SUÇLULAR YARGILANSA…
O dönem birçok delilin es geçildiğini paylaşan Sinemillioğlu, olayların hemen ardından İstanbul Barosu adına gidip sıkıyönetim komutanı ve dönemin valisiyle görüştüğünü belirterek, “Valilik bazı telefonları tespit etmişti. Ancak onlar valinin emriyle soruşturma dışında kaldı. Sonra o telefonlar MİT raporlarında da ortaya çıktı. Devlet cumhuriyetin kuruluşu döneminden beri bu tür olayların davalarında kendinden olmayana karşı yapılan her türlü zulmü göstermelik olarak yargılamıştır. Yargılama olması için yargılamıştır. Devlet Maraş’ta da aynı şeyi yaptı. Sivas’ta da aynı şey oldu. Gerçek suçluları ortaya çıkartıp yargılasalar bir daha böyle şeyler için insanları kullanamazlar” dedi.
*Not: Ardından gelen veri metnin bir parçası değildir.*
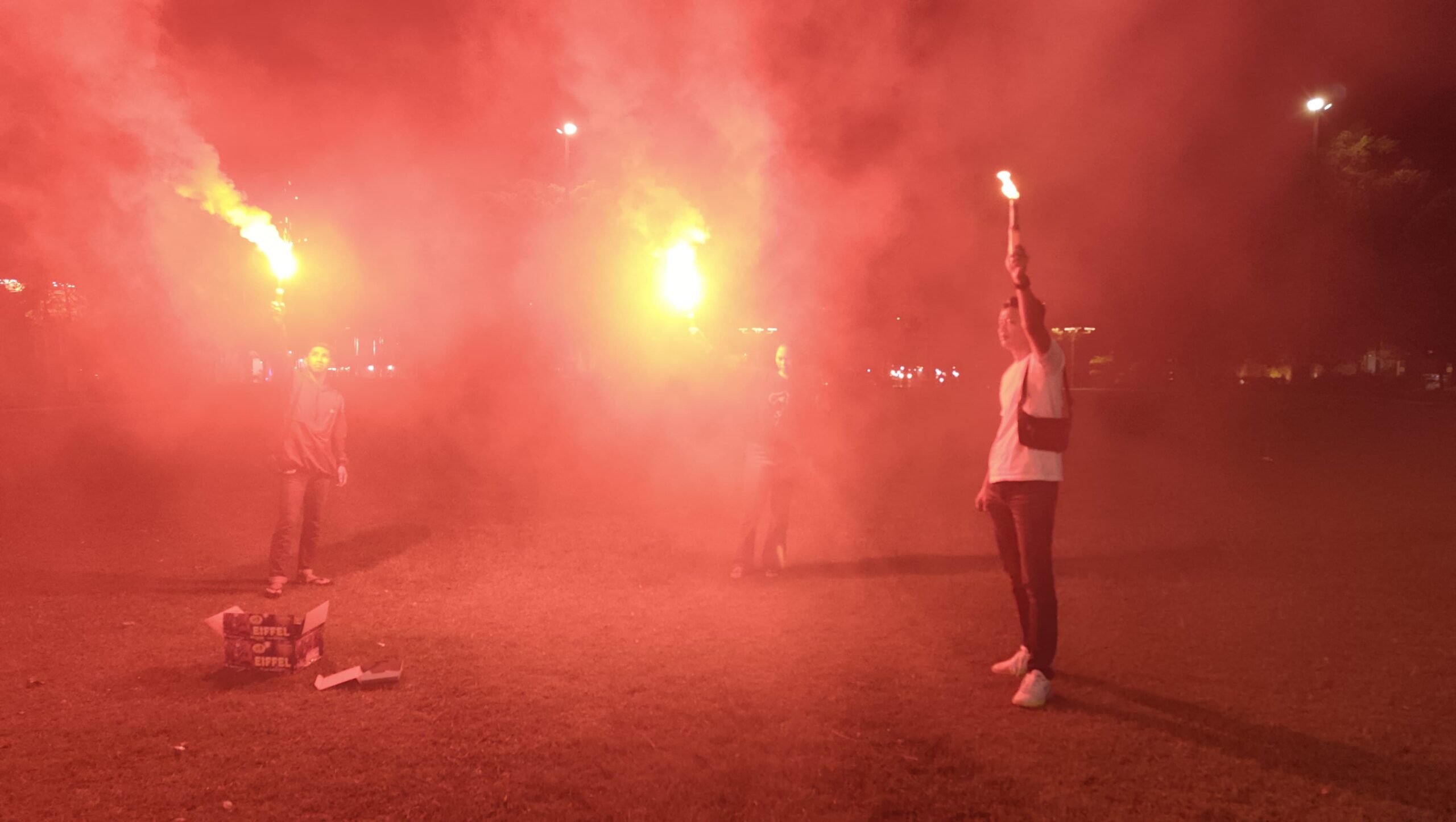 Sekitar pukul 21.05 WIB, dentuman kembang api terdengar bersahutan, disertai kepulan asap merah dari suar yang dinyalakan di tengah lapangan alun-alun. Aksi tersebut menarik perhatian warga yang tengah beraktivitas di sekitar lokasi.

‘CENAZELER GEÇ TESLİM EDİLDİ’
Katliama tanıklık eden ve olaydan bir yıl sonra yakalanarak çarptırıldığı idam cezasından Yargıtay’ın kararıyla kurtulan Hamit Kapan, katliamda yaşadıklarını anlattı. 2 öğretmenin öldürülmesinin ardından cenaze töreni için kurulan komitenin içinde olduğunu aktaran Kapan, şöyle devam etti: “Cuma sabahı mahalledeki hastanenin orada korteji oluşturmaya başladık. Korteje giren insanlar 3 defa aramadan geçirildi. Deyim yerindeyse oluşacak bir çatışma durumunda çıplak bırakıldık. Biz olayların daha da büyüyeceğini beklemiyorduk. Arkasından daha büyük şeylerin planladığını bilmiyorduk. Hastane başhekimi otopsi yapıldığını bahane ederek, cenazeleri Cuma namazına yakın bir zamanda verdi. Yörükselim şehrin bir ucunda, mezarlık da diğer ucunda, mecburen şehri dolaşacaktık. Şehrin en eski camisi olan Ulu Camii’ne yaklaştığımızda askerler bizi durdurdu. Camiyle karşı karşıyayız. Orada o güne kadar camide göremediğimiz bir kalabalıkla karşılaştık.”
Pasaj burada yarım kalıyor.